In this diagram implicit dependencies are not shown. For example, M1 depends on M2, and M2 depends on M4, hence there is an implicit dependency from M1 to M4, which may be inferred from the diagram, but is not represented by a dashed arrow.

Ideally, the topology of a dependency graph should be as simple as possible e.g., (trees and stars). More complex topologies (e.g., containing lots of cycles) can make a program harder to test, understand, and maintain.

Testing Plan

A testing plan is a tree of (functional) tests, one for each module. Each test simply produces PASS or FAIL as its result. The root of the tree tests the top-most module in the system. A test for a particular module first verifies that the modules it depends on pass their associated tests. Thus, we can quickly test the entire system by running the root test.

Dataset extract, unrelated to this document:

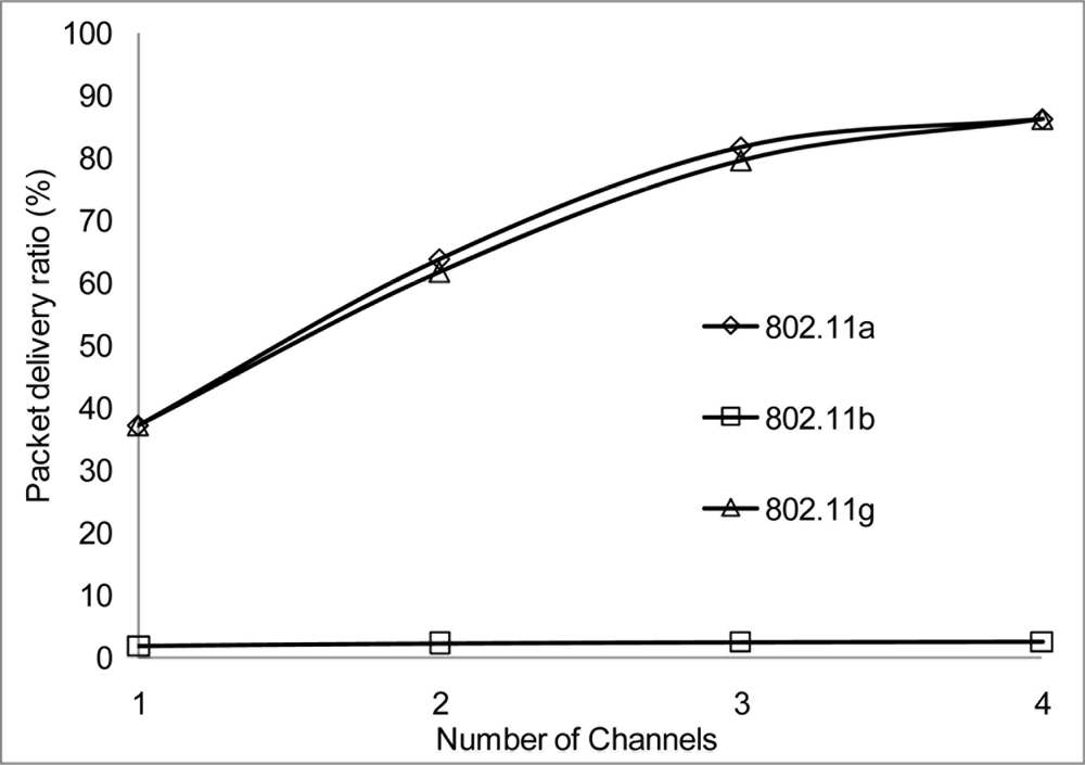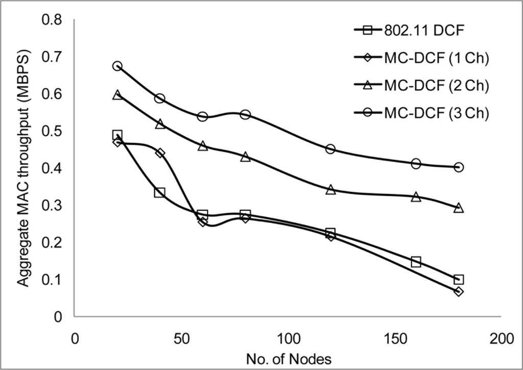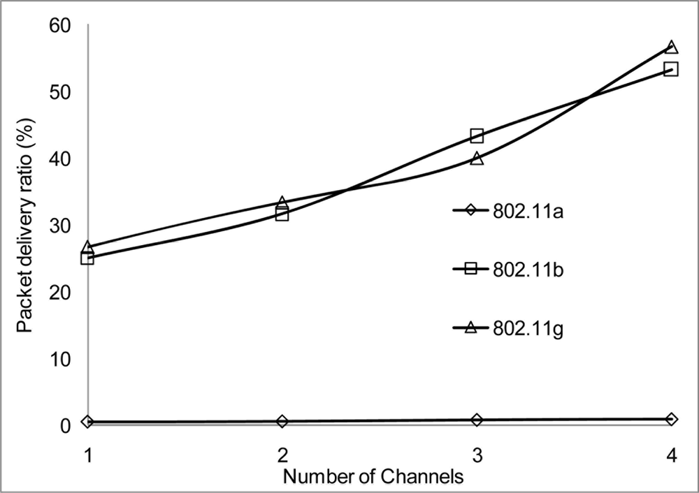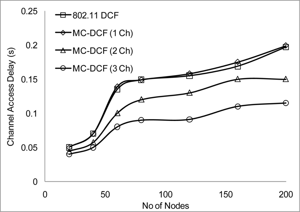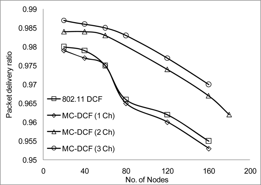 In Figures 6, 7, and 8, we analyzed the performance of the number of channels on the 3 mentioned metric against MMSN [25]. Zhou et al. introduced the MMSN multi-frequency MAC protocol that was designed for WSN. It is a slotted CSMA protocol and at the beginning of each timeslot nodes need to contend for the medium before they transmit. We observed that channel access delay and aggregate throughput show MMSN perform slightly better than MC-DCF. MMSN uses a small packet size of 30–50 bytes, which contribute to the performance observed. This gives evidence that MC-DCF will outperform MMSN in the 802.11 network, should both protocols operate within the data rate (from 2 Mbps up to 54 Mbps) of the 802.11 networks. 802.11 DCF does not show much variation as this protocol only operates on a single channel. In Figure 8, MC-DCF showed a better performance in packet deliver ratio to that of MMSN. This is due to the fact that the advantage of higher data rate has more packets delivering and receiving by each node.

In this diagram T_i is the test associated with module M_i:

Of course we need to worry about bi-directional dependencies and possible infinite loops. Module M₆ depends on module M₃ and M₁, but test T₆ cannot run T₁ and T₃. In cases like this T₆ might employ stubs that mimic the expected behavior of M₃ and M₁.

Tests

A test of a single method (the leaves of our dependency graph) is called a test case. A test that runs other tests is called a test suite. A test is either a test case or a test suite. We can use the composite diagram to model the situation:

More Terminology

Testing a class is called unit testing. Testing a subsystem-- verifying that all of the classes are properly integrated-- is called integration testing. (The term Structural Testing is sometimes used to refer to integration testing of the top-level module in a system.) Testing the entire system-- verifying that all requirements have been met-- is called system testing. Acceptance testing is done by the client after an initial Beta version of the system has been delivered.

Other Types of Testing

The goal of every program is to be useful (solve the right problems), usable (easy to use), and modifiable (easy to maintain). "Usefulness testing" is just system testing: does the system solve the right problem. Usability testing studies samples of model users and measures how quickly they can learn to perform certain tasks using the system. (Performance testing might fall somewhere between usefulness and usability testing depending on how critical performance is.) We might define modifiability testing as a way of describing the activity of inspecting code not for faults but for anti-patterns or kluges-- i.e., design flaws that might make the code difficult to modify.